Monday, May 23, 2005

That's That

I've never been so happy to have turned my back on my parent's religion as I was today. As I stumbled to school this morning with a stack of completed competition essays, I realized that I was done. Those poor Sunday sabbath observers though; they're still looking at two more days of this business (down to only 35 hours or so hours at this point, it goes fast).

That gives me an extra day to think about fall OCI. I guess they're already passing out packets listing the firms that'll be recruiting us in a few months.* I can't even think about this stuff yet. I haven't even thought about the summer job I actually have to start next week. I know I need to buy some ties or something. When I do get around to worrying about next fall, this government recruiter puts things into perspective. In the meantime, total freedom for seven days. There's something spiritual in that I think even my parents could understand.

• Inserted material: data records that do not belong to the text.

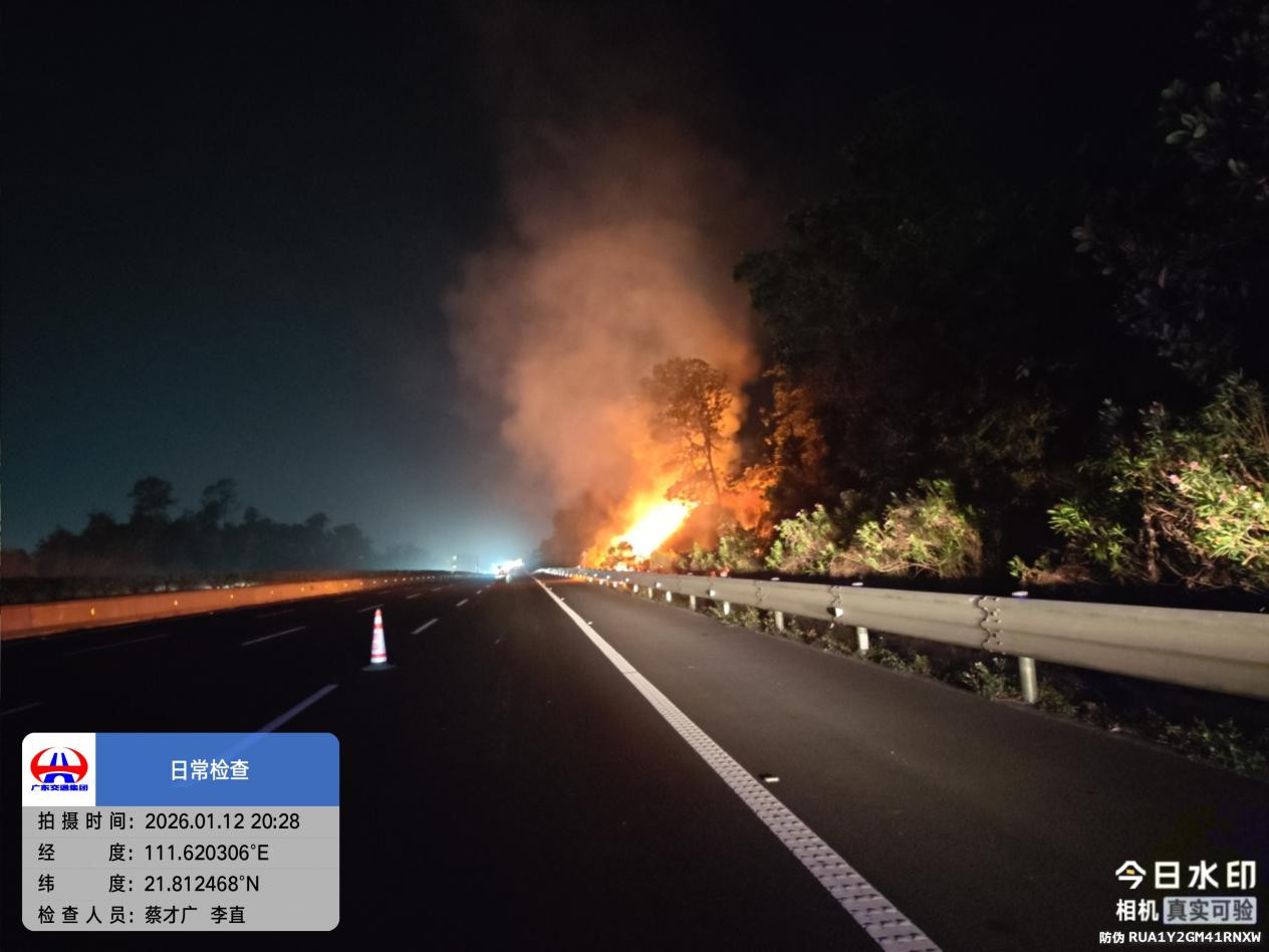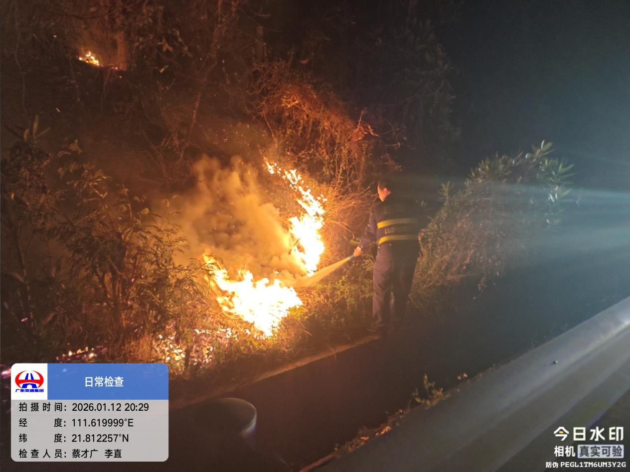 1月12日20时16分,正在阳茂高速开展日常巡查的路政员蔡才广、李直收到了监控中心的信息通知。此时,夜色中的阳茂高速路面车流不息,边坡燃起的火光在黑暗中格外刺眼,一旦火势蔓延至路面或引燃周边植被,后果不堪设想。
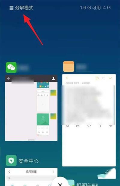1、首先从屏幕底部往上划并停顿一秒,进入多任务管理界面,然后点击左上角【分屏模式】选项。
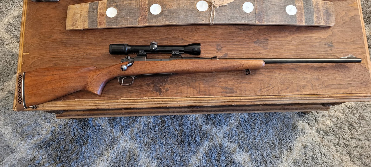 Next is a pre-64 Winchester model 70 in 30-06. This one is in "strange condition". Meaning it is in pretty good shape, but it looks like someone stripped the bluing and maybe tried to color case finish it?
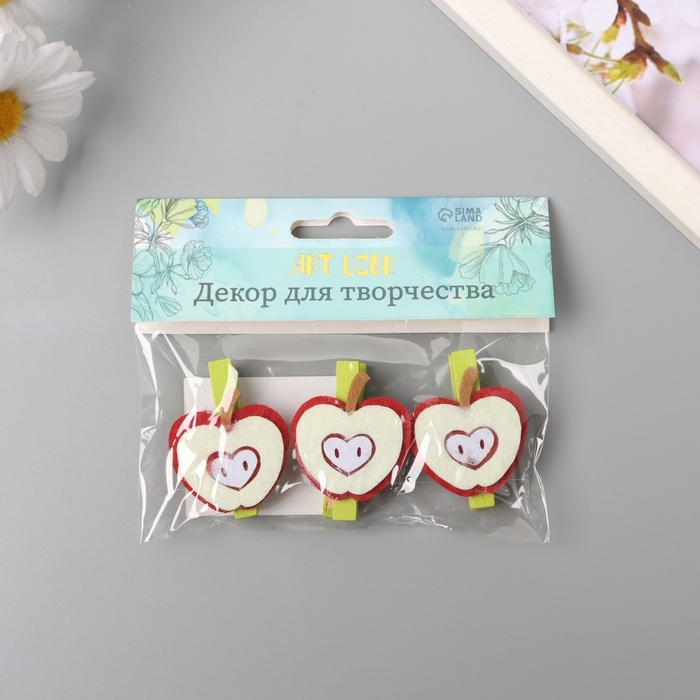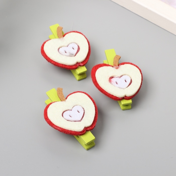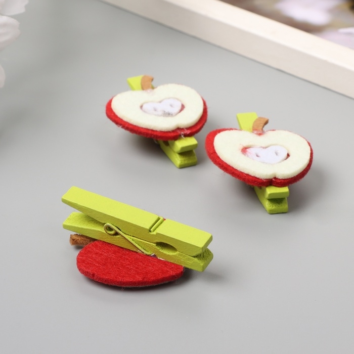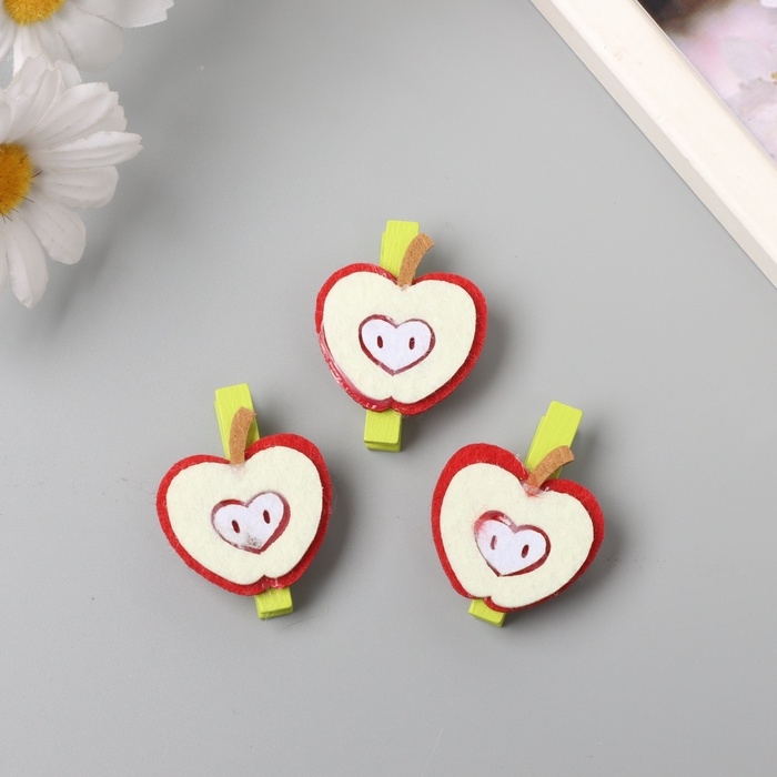 Декор для творчества дерево, фетр "Прищепка. Половинка яблока" набор 3 шт 1,3х3,5х4,8 см
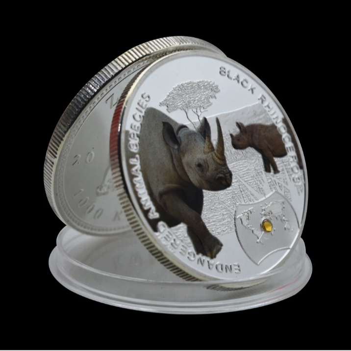- Extremely Rare 1000 KWACH 2014 Year Endangered Animal Species Black Rhinoceros Africa Protect Animal Proof Coin Republic Of Zambia
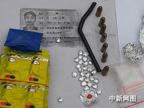 中新网长沙9月16日电 (欧阳浩亚 佘飞) 9月15日凌晨,一辆途经湖南境内长常高速公路的小车因司机操作不当撞向了中央隔离护栏,这原本是一起普通的车祸,但高速交警在处理事故过程中却发现了重重疑点,民警当即对事故车辆和人员进行检查,竟搜出了手枪子弹、毒品、吸食工具等物品。
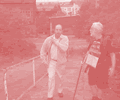 two tracks of cobble stones so their huge outside broadcast vehicles
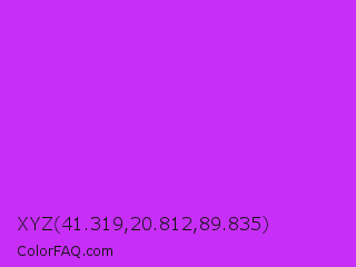 XYZ 41.319,20.812,89.835 Color is a normal purple color and the nearest color is Veronica #a020f0. Hex code #c72ef7 and RGB value is rgb(199,46,247). In RGB color space, this color is composed of 78% red, 18% green, 97% blue, In CMYK color space, this color is composed of 19% cyan, 81% magenta, 0% yellow , 3% black , In HSL color space, this color has a hue angle of 286° , 93% saturation and 57% lightness.
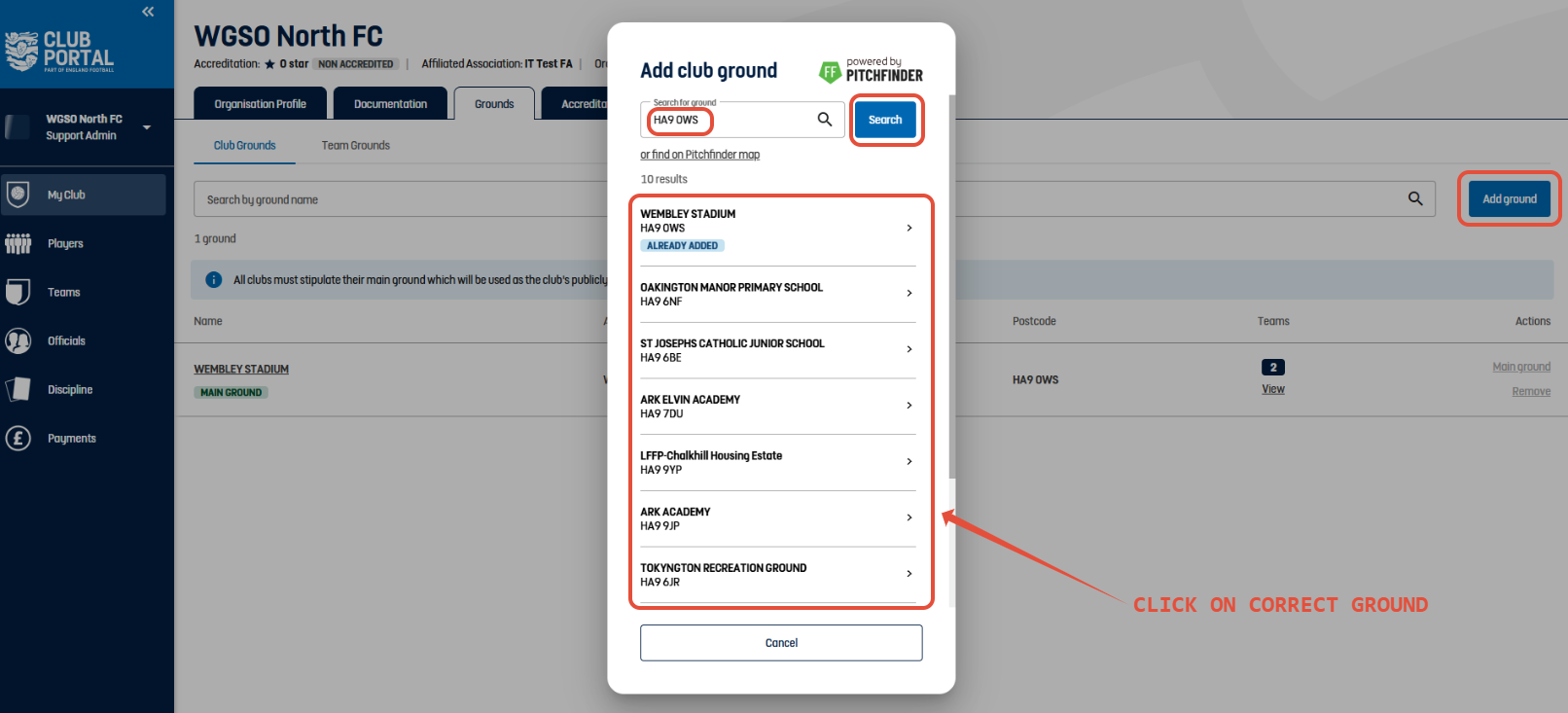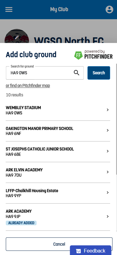 Step 2: Using pitch-finder, search for your grounds using postcode, place name or region. Select your ground and click confirm.

*To the firm that is only taking law review and top 5%, fuck you too.

Thursday, May 19, 2005

Intermission

I remember the first time I watched the Terminator how terrified I was at the idea that there was something out there that just wouldn't die. You shoot it, it keeps on coming. You crash a tanker filled with diesel fuel into it, it strolls out of the wreckage and flames. You crush it on some assembly line, its little red eyes flash back on. You somehow manage to spank your way though finals, and now it wants you to write-on to law review. At least that's what I thought as I sat crammed into room 401 with everyone else who wants to play writing-competition roulette this weekend.

The week away has been kind of nice. I went to the gym for the first time in a few weeks; and felt as out of place as an old hooker on her first day at her new job as an insurance claims adjustor. I am very, very weak. I looked at myself in the mirror and could see in my pale, yellowish skin and in the dried and caked soy sauce under my fingernails all the signs of someone who's lived in a dank apartment on take-out financed by selling my books back. Needless to say, I am an ugly sight and I'll spare you more details.

Anyway, there's something horror-movieish about the way school just won't die, and as I look over my summer calendar, I realize that between preparing a resume for fall's on-campus interviews and stopping by financial aid for work-study checks, there's just enough going on to keep up the suspense. But I guess that makes sense; if this is a ninety minute movie, we're only thirty minutes in. There's no way you'd kill off your villain in the first thirty minutes --we'd all want our ticket money back.

It can't be bargained with. It can't be reasoned with. It doesn't feel pity, or remorse, or fear. And it absolutely will not stop, ever, until you are dead.